I use the first part to basically plot out the steps I took in preparing. If there were decisions to be made, I explain my reasoning for making that decision.

I write out time frame notes, including how early or late I started planning, especially if I order shirts or other swag, I want to remember how long it took the artwork and delivery.

Try to be as thorough as possible on the little details, the things that might get forgotten in 9 months when you re-visit the event.

What Worked?

This is where I celebrate the positives, the things that went well. What were the wins from the trip or event? What made the up front effort worth the work? I make a point to highlight things I wasn’t sure would work, but did.

This is important because even in the midst of a disaster, there are going to be one or two bright spots. Dig to find the positive so you can re-visit that energy and excitement down the road.

What to Do Differently?

Finally, instead of just listing out things that didn’t work (which would be the obvious follow-up to the second question), I spend some time dreaming about what could be done the next time to make the event better.

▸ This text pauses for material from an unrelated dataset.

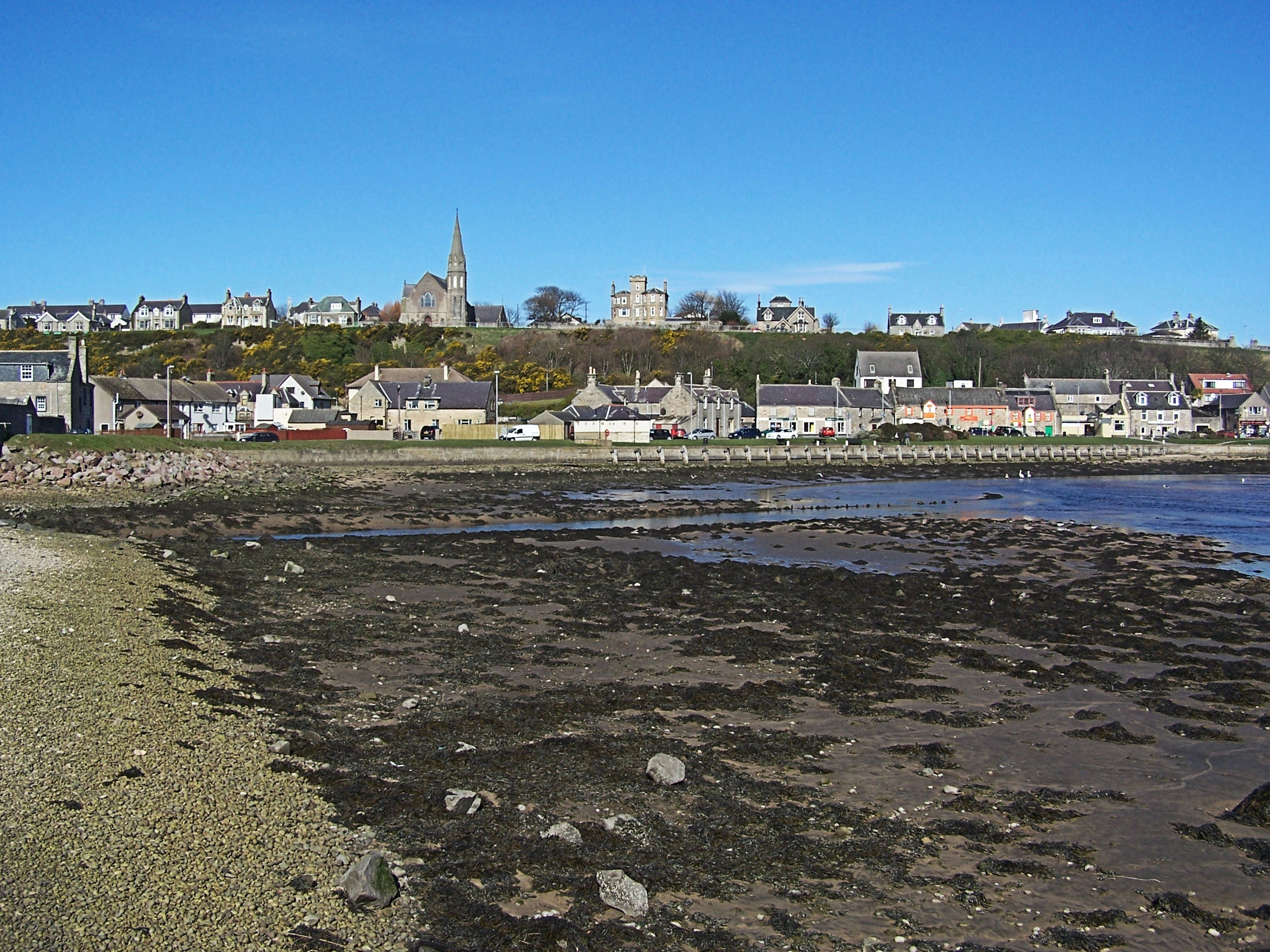 Lossiemouth, Moray, Scotland

This is the most fun of the three because it allows me to dream. This is also the part that is the freshest immediately after, but the quickest to be forgotten from my memory.

Taking time while the event is still fresh to dream about how to make the next one even better makes all the difference in the world, for me.

One final thought

I use Evernote to file all of my reviews, and bullet points make it easier for me to skim what I wrote.

When I start an event for the second time, the first thing I do is open my review and get going.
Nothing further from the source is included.